My sophomore year is quickly coming to an end, and with this I have began the process of the terrifying and thrilling house search. Six months ago I could only dream about the process and very easily skim over the reality of living in a house which my parents did not also reside. Can I really be old enough to make this decision? Signing the lease in next few days will be one of the first legal documents which I will be bound to with complete independence. I can not explain the absolute terror of so much responsibility.

But I will admit that with this heavy burden of bills that I can not possibly yet comprehend, I am also discovering the joy of having a key in my own name. I have not yet filed my taxes, but have somehow managed to secure a house that will place me in the category of Adult.
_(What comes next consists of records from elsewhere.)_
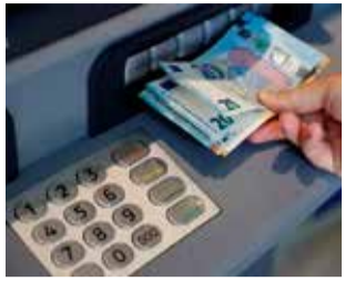
Extracció de diners.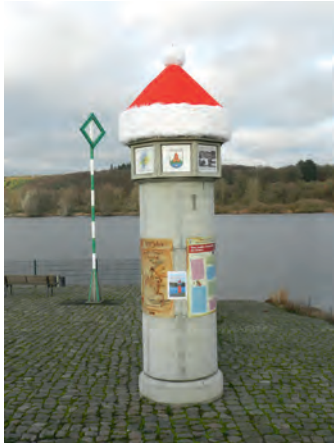
Weihnachtlicher Gruß für die Schifffahrt

Von großen Wetterkapriolen blieben wir 2015 glücklicherweise verschont, so dass die Hafen- und Campingsaison mit erneutem Zuwachs abgeschlossen werden konnte. Für den Bebauungsplan „Neubau Feuerwehr Artlenburg“ wurde die 1. Änderung des Bebauungsplanes Nahversorgung an der B209 als Satzung beschlossen und die Baugeneh-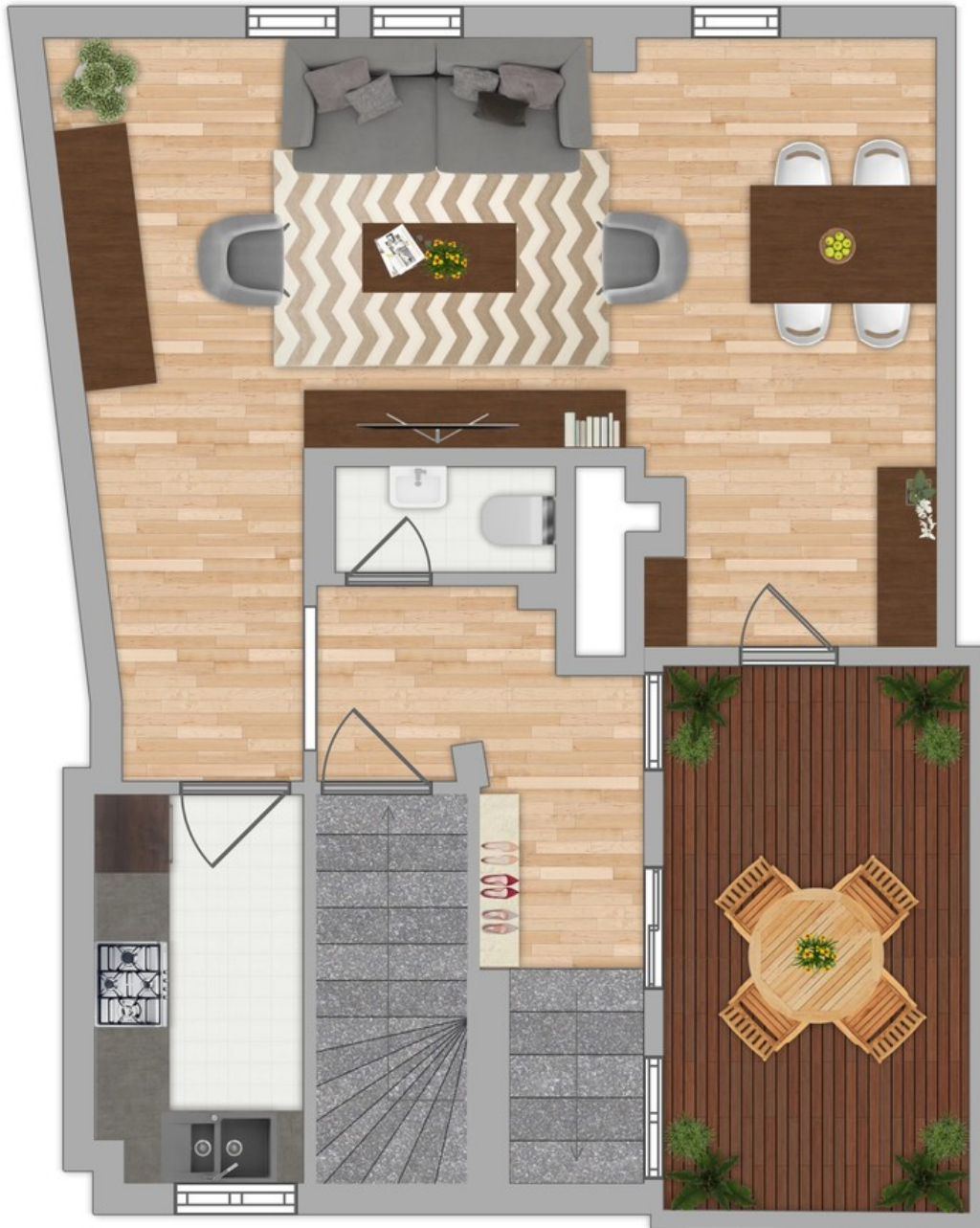
Grundriss 1. OG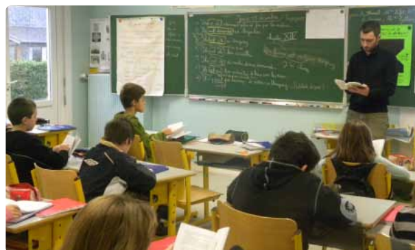
Ecole primaire Beauséjour - Décembre 2011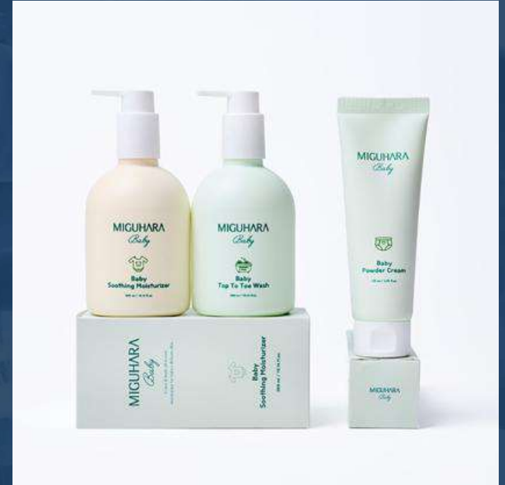
미구하라 베이비 3종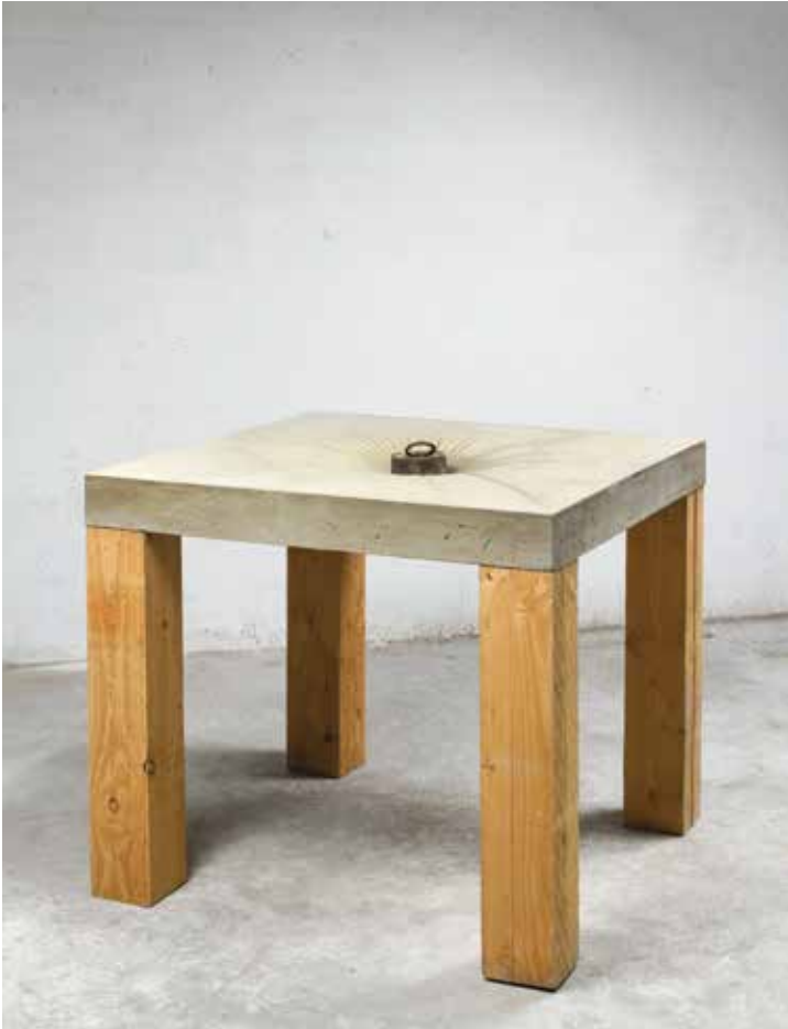
Sans titre (Etabli), 2014

Ciment, bois et poids en métal, 92 x 104 x 104 cm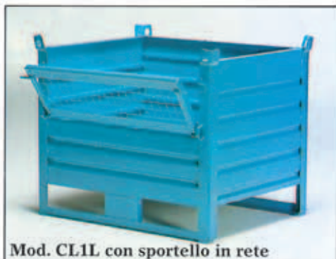
Mod. CL1L con sportello in rete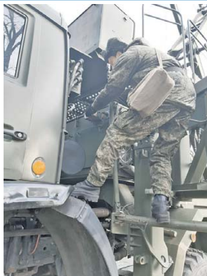
Связисты следуют девизу «Всё выше, и выше, и выше».

Поднятые по тревоге подразделения оперативно выдвинулись в заданный район, развернулись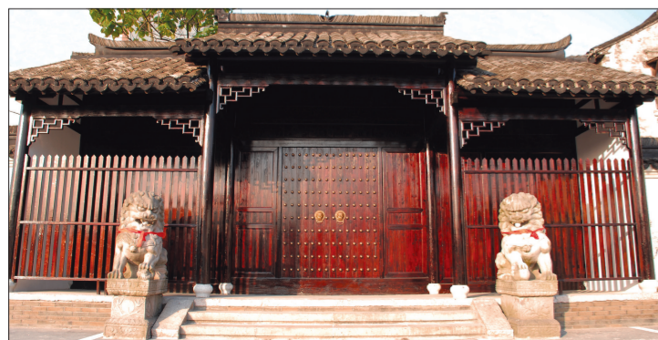
宋代起，新场开始淤积海盐，元代初年，即有浙盐运司署松江分司驻在新场，当时的盐产量为浙西27个盐场之首。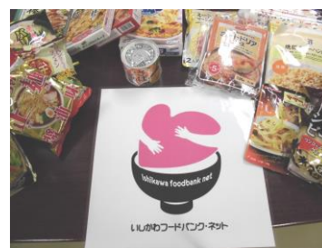
メーカーで集まった品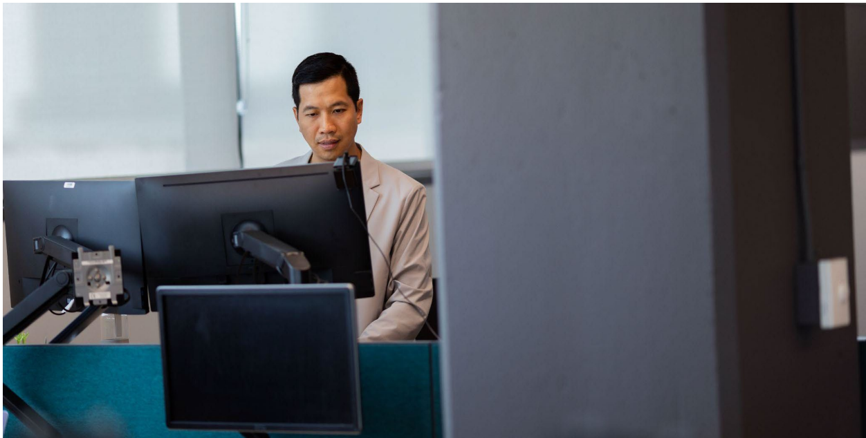
Un de nos espaces de travail.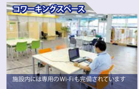
コワーキングスペース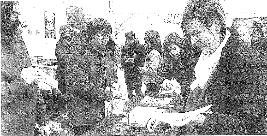
Un momento de la edición de la fiesta del año pasado, en Moreda.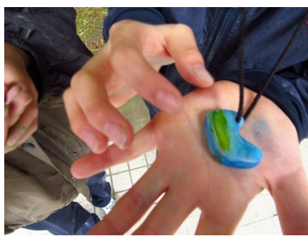
4・5学年 林間学校(ゆずりはら自然の里) できあがった色つきのまがたま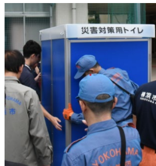
地域防災拠点訓練の様子

共同住宅の占める割合が多い地域特性（78%、62,800戸）を踏まえ、令和6年度より開始したマンション防災アドバイザー派遣制度を継続して実施します。また、災害時の担い手育成のため、区内小・中学生を対象とした防災出前教室を実施します。さらに、中区の地域特性に応じた防災訓練、災害対策事業を推進します。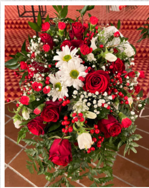
En siste hilsen fra familiene på Mauren.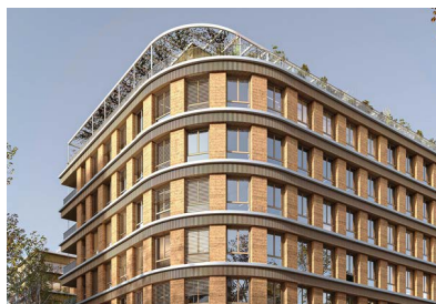
3. Viaterria à Lyon (69)

3. Promotion - Immeuble de bureaux avec façade en terre crue conçue par Terrio, start-up incubée par Icade via son start up studio Urban Odyssey.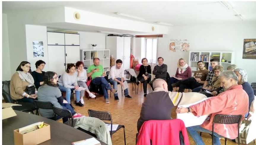
Xuntanza previa para a organización do evento.

A organización do evento foi posible polo gran traballo realizado por cada un dos equipos, e polo traballo en rede feito mediante a coordinación dos equipos e as xuntanzas realizadas ao longo de meses de arduo traballo.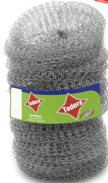
ESPONJA ALAMBRE ROLLO*18UND (72) 7707229246822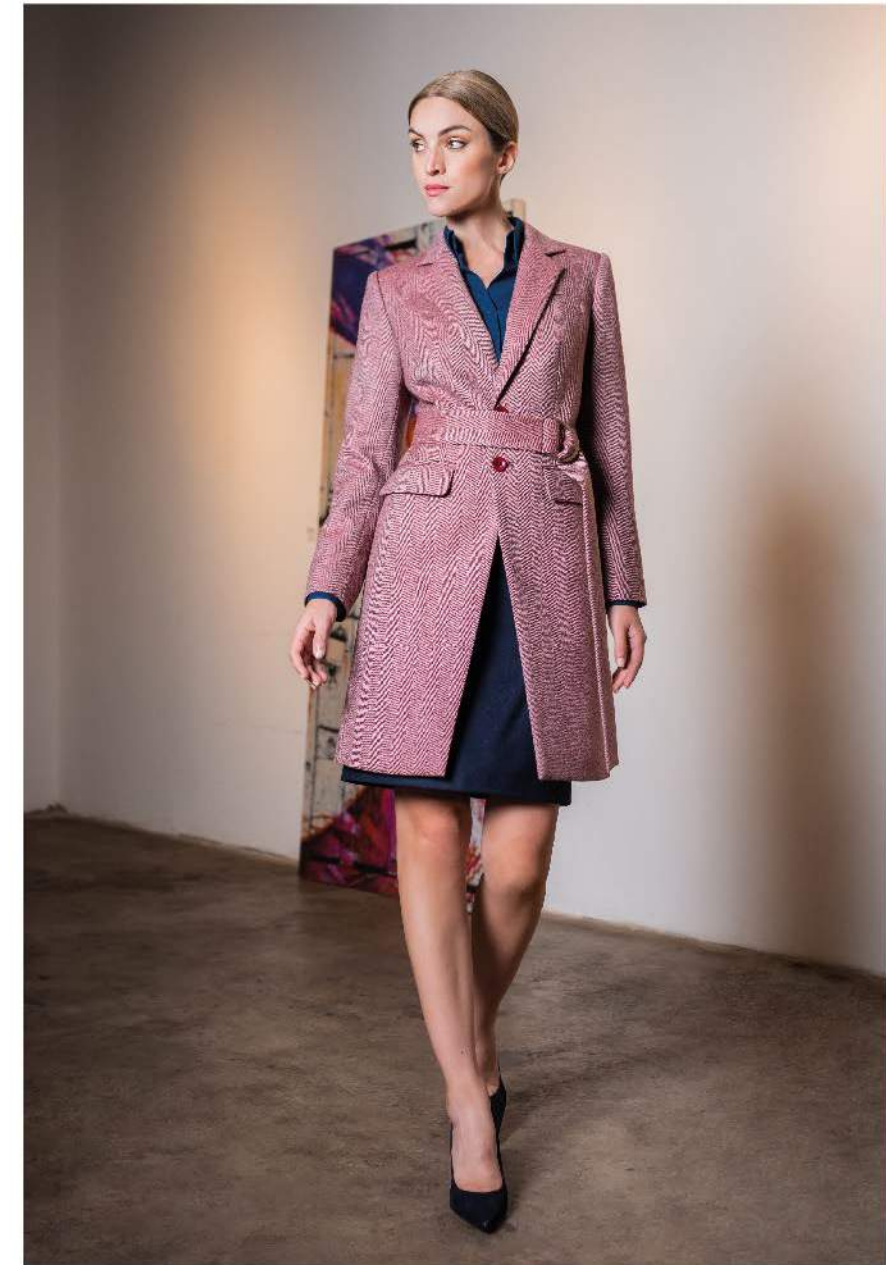
Conjunto 5 Sacón/Blusa/Falda

With this new freedom, I have begun to search through various thrift stores, garage sales, and antique shops for items to fill my house which I have appropriately christened "Little" (it’s quite a small house). On one of these searches, I discovered a deceivingly enormous Antique Emporium tucked away at the corner of a strip mall. Walking inside gave me the feeling of inertia, with an endless expanse of aisles cluttered with uniquely displayed treasures. I was absolutely, irrevocably astounded by the amount of "things" with which I was confronted. In one corner I picked up a cigar box stuffed with gloves, each with distinct styles to portray their decade. Some were off white lace, dainty and frail, one pair deep crimson leather with the words MADE IN ITALY fashionably printed on the cuff. I pulled this particular pair onto my hands and felt a sudden realization that all of the antiques surrounding me had a history, they each stored secrets and character. I also noticed that if I chose to purchase anything in the Emporium my bank account would whine tremendously.


We put such a value on something that has aged, a collection of comic books, a whiskey bottle from prohibition or a trunk that sailed across the ocean in the late 1800's. Why do we not place the same value on our relationships; what if I could look at each person I meet with the same intrigue and excitement that I see a first edition copy of "Pride and Prejudice"? Just a thought.

Thursday, April 16, 2009

Cold
This is a cold that stumbled into Abilene. It crept up on us with fingers clawing at our skin, pulling at the roots of my scalp.
It wraps its chilling fingers around my stiffened nose, tightened mouth, so stinging it causes teeth to ache
My ankles ill exposed soak in the icy wind with no gratitude

The cold squeezes out the sunny memory of a warmer day
Blinding clouds of dreary gray carry thick waves of icy wind that smother me.

Cold


_________________________


Warm
Sunshine splashes across the cool spring pond
The pavement black, inhales the rays that joyously that melt into the ground
It smooths like creamy lotion over every colorful surface,
Kissing the skin with a slight and tempting pink
It coaxes the buds out of the tender soil, and twists buoyant leaves our of sleeping roots and twigs.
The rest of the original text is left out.